One of the challenges in residency and early in your career is building your knowledge of skin diseases. You won’t include a disease in your differential if you’ve never heard of it. As you acquire more knowledge and experience, building a differential becomes easier. It’s a challenge for everyone to remember to consider rare diseases as well since they don’t pop into our heads as readily. That’s also why it’s so important to keep learning throughout our careers.
What other suggestions or guidance do you have for dermatologists in helping them make accurate definitive diagnoses?
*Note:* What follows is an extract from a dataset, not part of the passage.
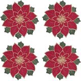 مجموعة أويني عيد الميلاد مجموعة من 4 ، مطرزة من الذهب اللامع اللامع النسيج البونسيتيا زهرة الطاولة الحصير 15 بوصة المخروطات ، مهرات عيد الميلاد لزخارف طاولة العطلات ، الذهب
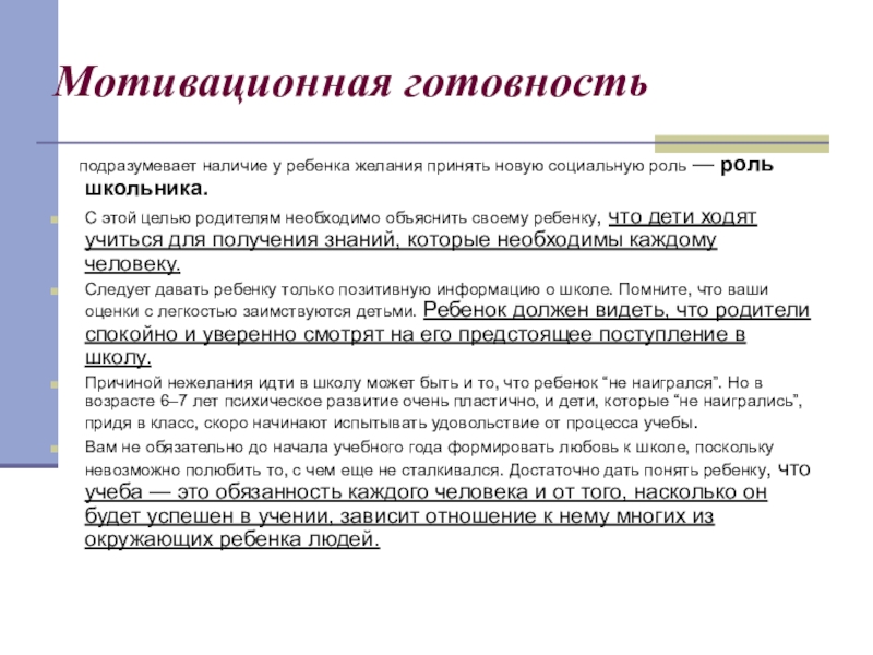 Причиной нежелания идти в школу может быть и то, что ребенок “не наигрался”. Но в возрасте 6–7 лет психическое развитие очень пластично, и дети, которые “не наигрались”, придя в класс, скоро начинают испытывать удовольствие от процесса учебы.

When something doesn’t seem right, it’s time to consider your differential diagnosis. This may happen at first diagnosis when things just aren’t adding up easily. That’s when you shift to slow thinking. It can also happen on a return visit. If a patient isn’t responding to treatment as expected, or their skin disease changes in an unexpected way, it may be time to reconsider the diagnosis. We all have biases that can influence our ability to make the right diagnosis. Biases may cause us to stick with a wrong diagnosis (anchoring bias) or neglect to consider a rare diagnosis (zebra retreat). Awareness of bias can help us to overcome it. It can be as simple as asking yourself, “How certain am I that this patient has this diagnosis?” Dermatologists are a very supportive community. Don’t forget that you can ask for help. Reach out to your mentors, colleagues, and experts for help when you get stuck.